* _The problem_:
In the entries that follow, repeat exactly the lines from the one that has "Nach einem Starkregen" through the one that has "古風花紋水果盤 編織提手 水果盤 零食盤 點心盤 飾品盤", but omit pictures.

────

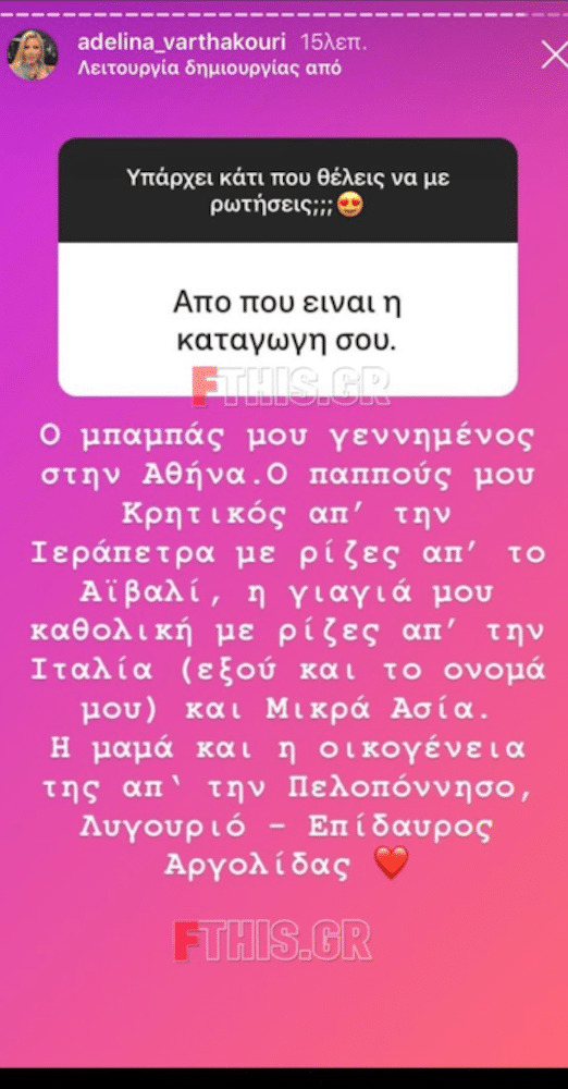 Μεγάλη εντύπωση και έκπληξη προκάλεσαν οι αποκαλύψεις της Αντελίνας Βαρθακούρη σχετικά με την καταγωγή της, ύστερα από ερωτήσεις που δέχθηκε από τους διαδικτυακούς της φίλους στο Instagram.
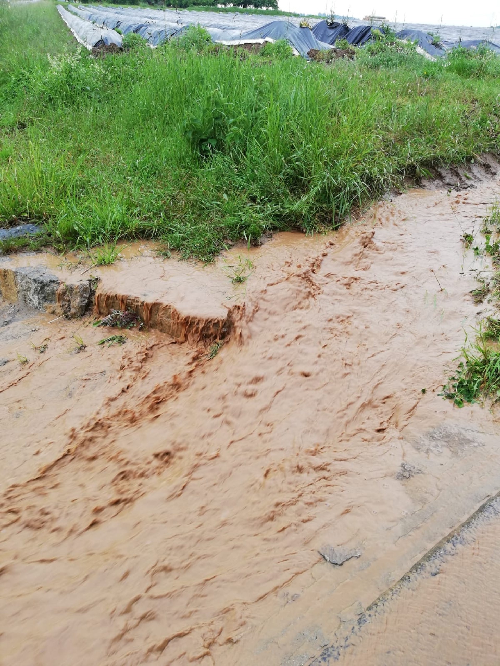 Nach einem Starkregen mit ca. 45 l/h fließt Oberflächenwasser aus einem Spargelacker auf die Züttlinger Straße L1095 in Richtung Bürg.
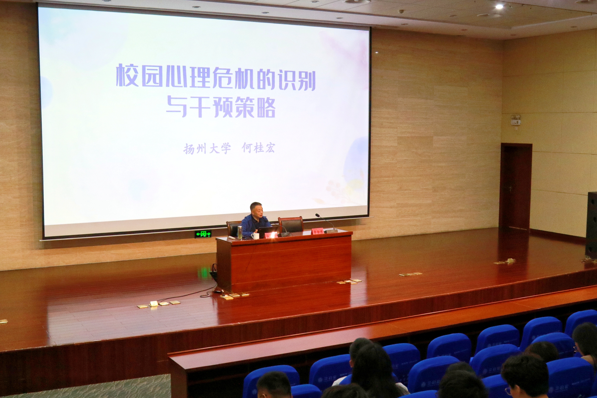 5月31日下午,我校在图书馆北报告厅举行2024年辅导员核心能力提升培训。本次培训特邀扬州大学教科院心理系副教授何桂宏作大学生心理健康教育专题讲座。全体辅导员及学工处老师参加培训,培训会由学生工作处副处长李金东主持。
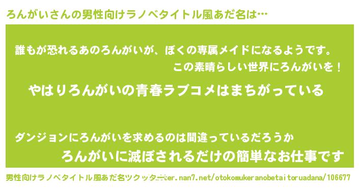| 胡散臭い通販商品みたいなあだ名 | 『世界が平和になる高級そうな壺…その名も「ろんがい」』 |
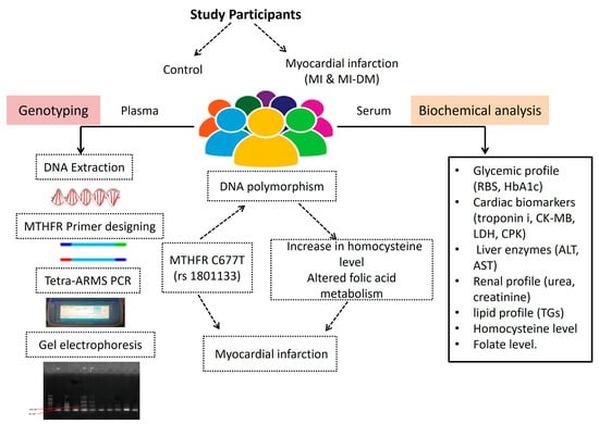 A schematic representation of this study is shown in Figure 3. Our data showed that in the MI and MI with diabetes (MI-DM) study groups, there was an increase in homocysteine levels when compared with the controls. Furthermore, the folate level was decreased in MI and MI with diabetes (MI-DM) study groups.
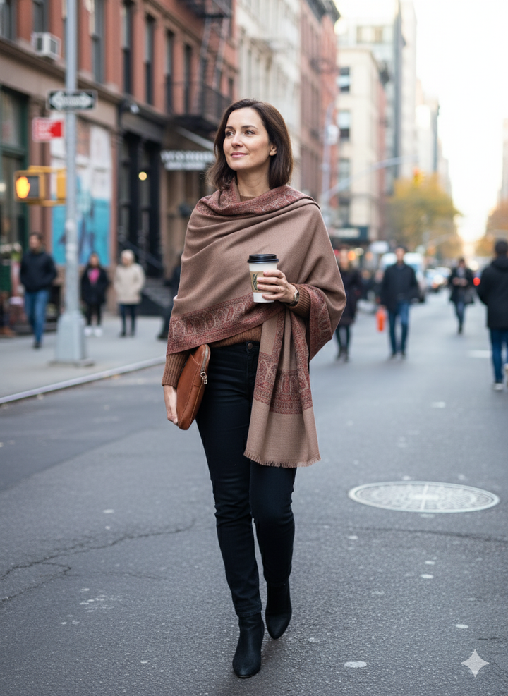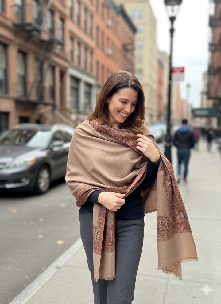This Deep Brown Jamawar Shawl blends understated elegance with subtle Jamawar weaving. Crafted from a premium wool blend, it offers warmth and a refined texture, perfect for both everyday wear and special occasions. Its earthy tone complements a variety of styles effortlessly.
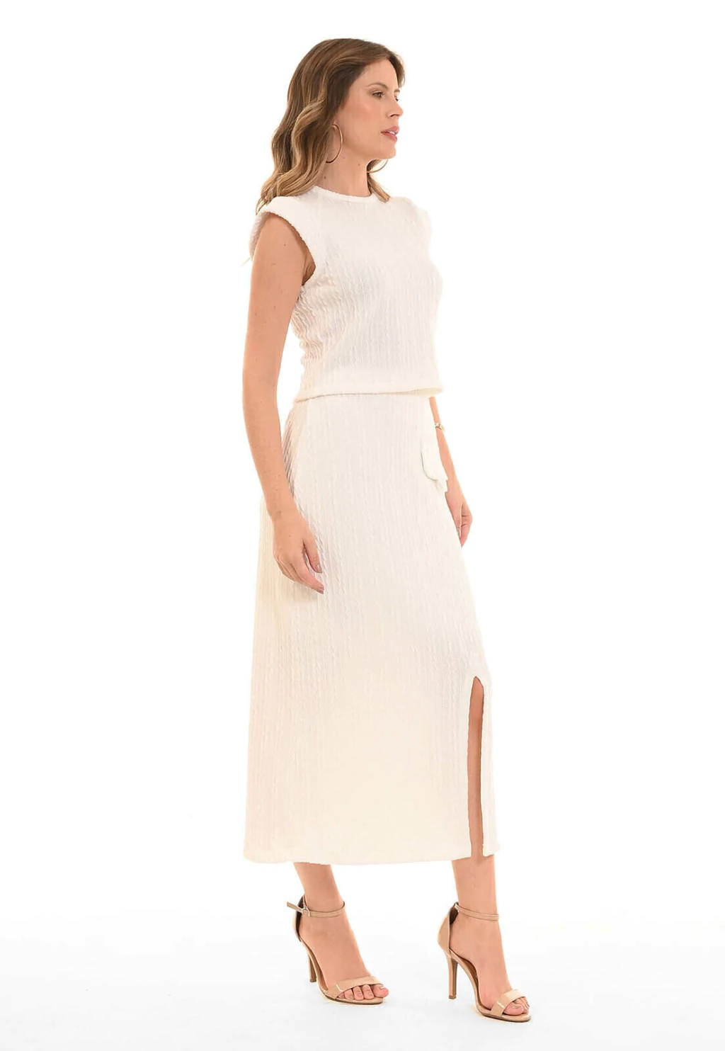 Conjunto Bisô Blusa e Saia Midi Fendas Off White. Peça confeccionada em malha tricô com desenhos em relevo. Blusa decote careca, manga curta, saia midi com recortes e fenda frontal, cós com elástico para maior conforto. Conjunto maravilhoso, atemporal e versátil. Composição: 99% Poliéster 1% Elastano.
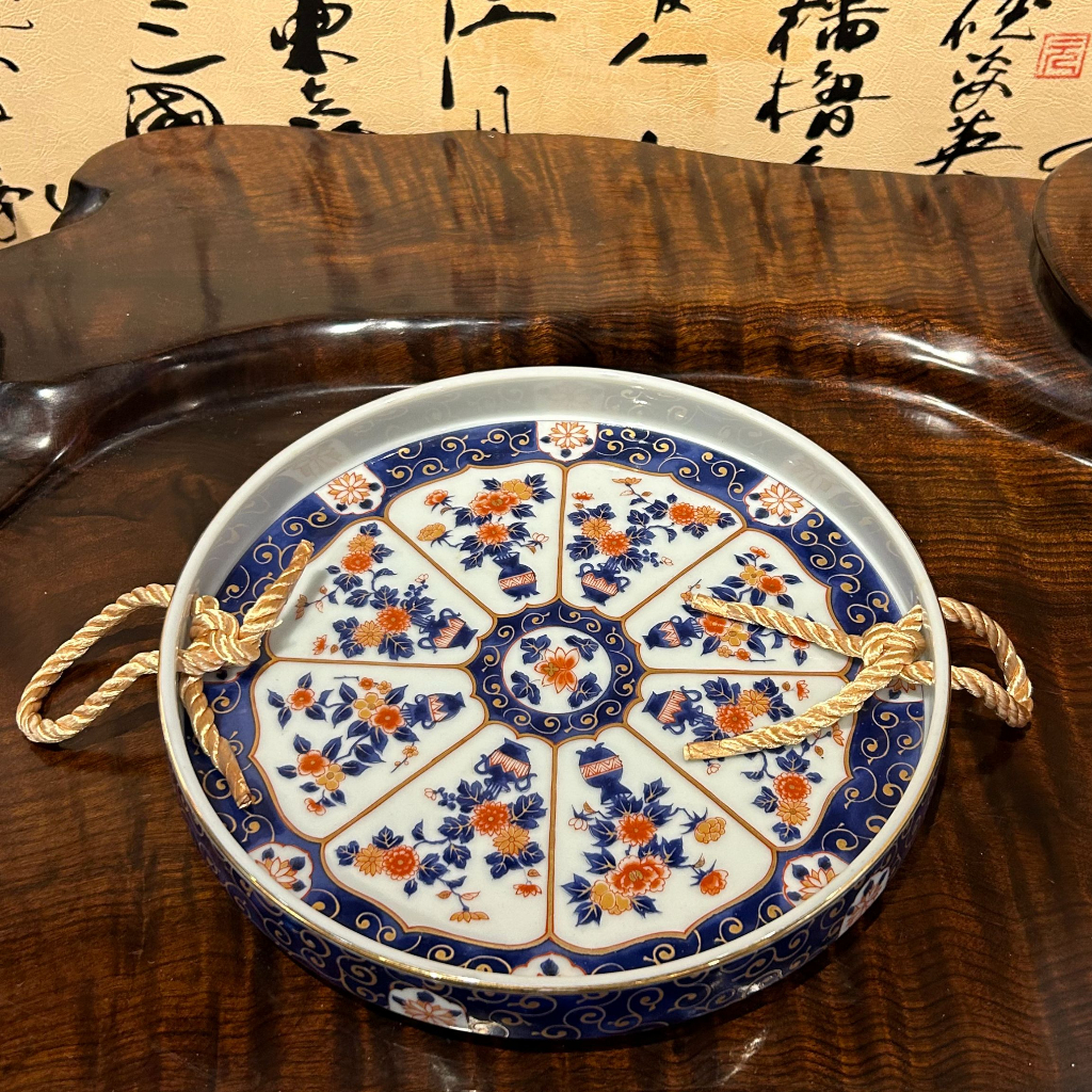 古風花紋水果盤 編織提手 水果盤 零食盤 點心盤 飾品盤
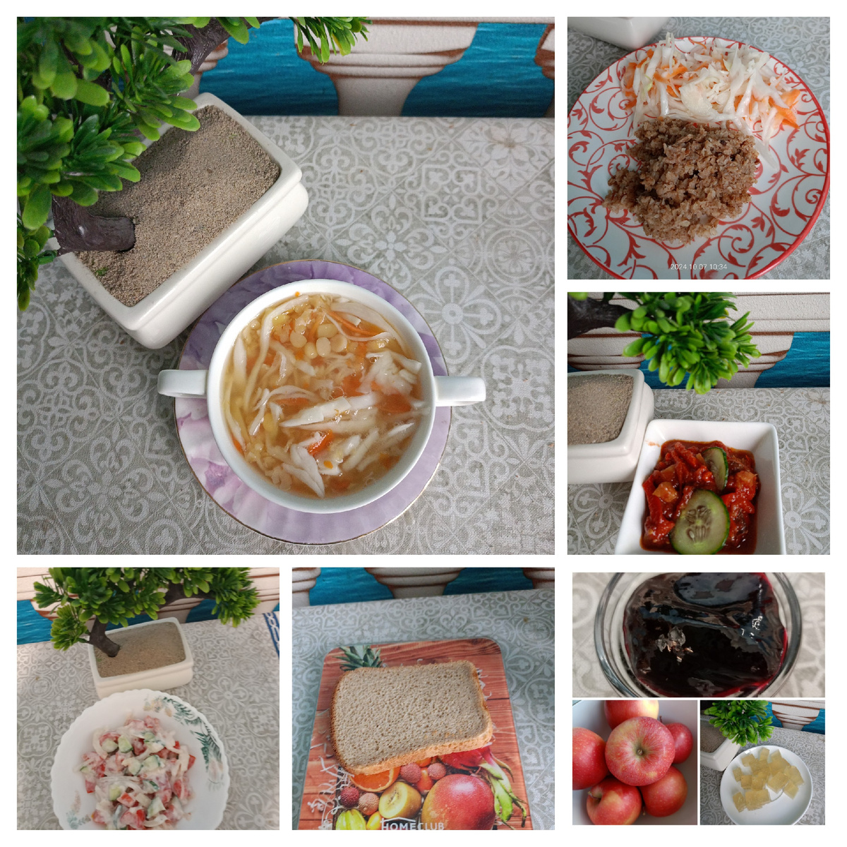 Всем привет! С Вами Татьяна, пенсионерка. Мне 73 года, рост 151 см, вес 56,4 кг ✅ 27.02.23 мой вес был 82 кг. В процессе своего похудения в течение года я сбросила 26 кг лишнего веса. Цель - нормальный вес 53-54 кг для роста 151 см. Это мой личный эксперимент, за которым вы наблюдаете на моем канале. Никому ничего не рекомендую и советов не даю, в споры не вступаю. Спасибо, что читаете! Чат для общения Орден Капустного Листа Если интересно про моё похудение Как я питалась в 2023 году, когда похудела на 25 кг? Дневник питания сейчас Для похудения жиры не должны превышать 25% в суточной норме. *** Соотношение БЖУ сегодня: 18/12/70 Что я съела сегодня: 1-й приём пищи 2-й приём пищи 3-й приём пищи 4-й приём пищи 5-й приём пищи это перекусы в течение дня Итог дня: *** Сегодня план питания не составляла, ела, что придёт в голову. На завтрак заварила гречневые хлопья и поела с квашеной капустой. На обед сварила гороховый суп, добавила в него квашеную капуст
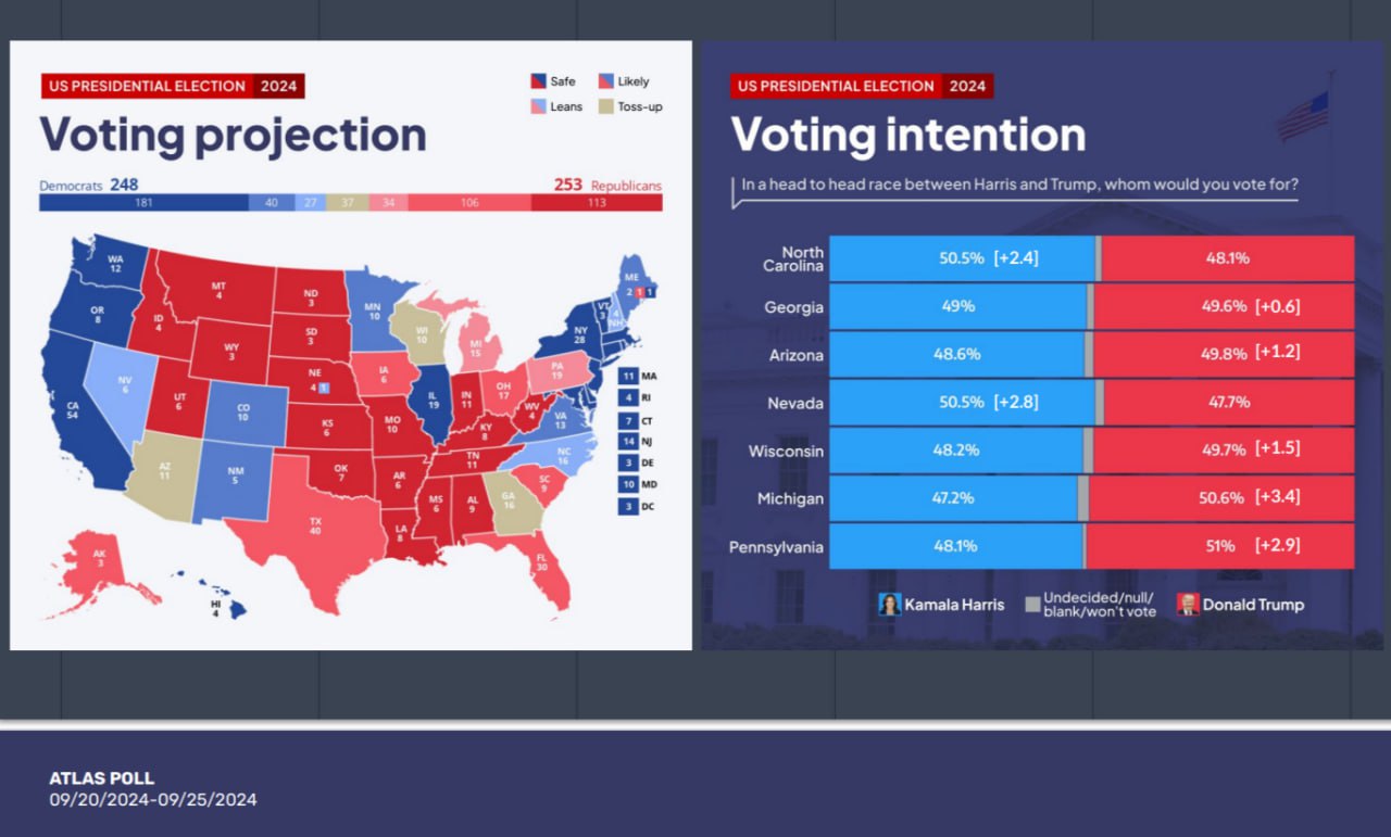 Весьма интересную картину настроений в колеблющихся штатах, где будет определяться результат ноябрьских выборов президента США, показывает анализ агентства AtlasIntel.

────

* _Result for this exercise_:
 Nach einem Starkregen mit ca. 45 l/h fließt Oberflächenwasser aus einem Spargelacker auf die Züttlinger Straße L1095 in Richtung Bürg.
 5月31日下午,我校在图书馆北报告厅举行2024年辅导员核心能力提升培训。本次培训特邀扬州大学教科院心理系副教授何桂宏作大学生心理健康教育专题讲座。全体辅导员及学工处老师参加培训,培训会由学生工作处副处长李金东主持。
| 胡散臭い通販商品みたいなあだ名 | 『世界が平和になる高級そうな壺…その名も「ろんがい」』 |
 A schematic representation of this study is shown in Figure 3. Our data showed that in the MI and MI with diabetes (MI-DM) study groups, there was an increase in homocysteine levels when compared with the controls. Furthermore, the folate level was decreased in MI and MI with diabetes (MI-DM) study groups.
This Deep Brown Jamawar Shawl blends understated elegance with subtle Jamawar weaving. Crafted from a premium wool blend, it offers warmth and a refined texture, perfect for both everyday wear and special occasions. Its earthy tone complements a variety of styles effortlessly.
 Conjunto Bisô Blusa e Saia Midi Fendas Off White. Peça confeccionada em malha tricô com desenhos em relevo. Blusa decote careca, manga curta, saia midi com recortes e fenda frontal, cós com elástico para maior conforto. Conjunto maravilhoso, atemporal e versátil. Composição: 99% Poliéster 1% Elastano.
 古風花紋水果盤 編織提手 水果盤 零食盤 點心盤 飾品盤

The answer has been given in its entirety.